Jeszcze jakiś czas temu wydawało się, że pojęcie małych ojczyzn się przeterminowało. Brzmiało anachronicznie. Pamiętam, że to sformułowanie raziło już w 2006 roku. Dziś jednak nabiera nowego wymiaru. Głównie za sprawą historii. Oto dzięki m.in. genealogom odkrywającym historie rodzinne, grupom rekonstrukcyjnym, poszukiwaczom artefaktów (tzw. detektorystom) pojęcie regionalizmu nabrało nowego znaczenia. Dodatkowo próby odkrywania historii (czy to tradycje „żołnierzy wyklętych”, czy pamięć o kobietach walczących o prawa wyborcze), a także próby grania nią dla doraźnych korzyści politycznych, wpłynęły na powrót tematu tradycji do dyskursu publicznego.

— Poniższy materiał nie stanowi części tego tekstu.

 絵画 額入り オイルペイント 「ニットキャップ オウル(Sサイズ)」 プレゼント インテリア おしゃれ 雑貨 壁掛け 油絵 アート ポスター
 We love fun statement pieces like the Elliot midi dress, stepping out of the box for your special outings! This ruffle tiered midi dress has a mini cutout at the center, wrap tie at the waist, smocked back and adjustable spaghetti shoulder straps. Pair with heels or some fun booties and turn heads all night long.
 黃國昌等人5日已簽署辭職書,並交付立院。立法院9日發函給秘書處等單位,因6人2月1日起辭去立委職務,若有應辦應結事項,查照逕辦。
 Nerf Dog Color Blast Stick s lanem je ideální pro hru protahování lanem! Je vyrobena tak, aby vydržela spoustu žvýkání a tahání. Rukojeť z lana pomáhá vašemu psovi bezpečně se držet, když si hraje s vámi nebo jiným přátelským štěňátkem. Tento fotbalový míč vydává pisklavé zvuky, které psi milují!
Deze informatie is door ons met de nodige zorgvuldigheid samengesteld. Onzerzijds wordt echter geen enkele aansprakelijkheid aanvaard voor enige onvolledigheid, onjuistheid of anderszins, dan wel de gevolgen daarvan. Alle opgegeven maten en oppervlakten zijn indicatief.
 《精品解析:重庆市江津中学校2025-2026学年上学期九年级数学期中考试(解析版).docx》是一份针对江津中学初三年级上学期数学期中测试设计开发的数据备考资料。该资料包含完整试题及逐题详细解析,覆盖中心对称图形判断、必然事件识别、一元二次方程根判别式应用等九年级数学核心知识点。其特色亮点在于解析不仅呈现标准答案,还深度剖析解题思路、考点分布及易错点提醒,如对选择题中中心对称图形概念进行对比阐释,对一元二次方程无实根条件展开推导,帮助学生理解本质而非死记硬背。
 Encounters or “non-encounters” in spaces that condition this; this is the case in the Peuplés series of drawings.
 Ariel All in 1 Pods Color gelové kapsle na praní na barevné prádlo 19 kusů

Pytanie brzmi nie, czy tradycja lokalna jest jeszcze „sexi”, ale czy może się przydać organizacjom. A przecież tradycja lokalna to przede wszystkim historia budowania, a nie tylko wojen, zniszczenia i bohaterskich czynów. Bo historii lokalnej nie da się opowiedzieć bez lokalnych działaczy, lokalnych straży, kół gospodyń czy bractw kościelnych. Lokalnych spółdzielni, ale także lokalnych oddziałów Polskiej Macierzy Szkolnej, Sokoła, Polskiej Organizacji Wojskowej, Strzelca. I niech Was nie zmyli to, że były to oddziały większych organizacji, różniły się między sobą znacznie i każda historia jest trochę inna. W wielu miejscowościach mieliśmy też różnego rodzaju komitety (obywatelskie), rady (np. ludowe). Typy organizacji zależą od epoki, od regionu, od lokalnego potencjału. W każdym razie każda historia jest inna, i jak się zdaje, każda godna opowiedzenia. Pokazywałem to chociażby w materiale przygotowanym dla CEO.
Ale jak to się ma do współczesnej działalności dzisiejszych organizacji pozarządowych? Można na to spojrzeć z kilku perspektyw. Po pierwsze – tożsamości miejsca, o której mówiłem na początku. Organizacja żyje w środowisku lokalnym i nawet jeśli – z jakiegoś powodu – nie stara się o budowanie zaplecza w swoim najbliższym otoczeniu, to i tak musi się liczyć ze jego zdaniem. Odbudowując tradycje lokalne, można wpisać się w tę tożsamość. Po drugie, ponieważ organizacje często czerpać chcą z doświadczeń biznesu, warto zwrócić uwagę na to, co się czasem określa jako retro-innowacje, choćby w zarządzaniu marką. Odwołanie się do starych symboli, znaków graficznych, a więc do tradycji, ma swoje znaczenie marketingowe. Jednak poznanie tradycji działań społecznych może i powinno dostarczyć działaczom społecznym także inspiracji i motywacji. To właśnie w historii lokalnych organizacji – jeżeli się je pozna – można znaleźć wiele przykładów na to, jak udało się innym. Czasem nawet w bardzo trudnych warunkach. Wiele można się nauczyć, czerpać pomysły, znaleźć oparcie. To – szczególnie w trudnych czasach – bardzo wartościowy zasób.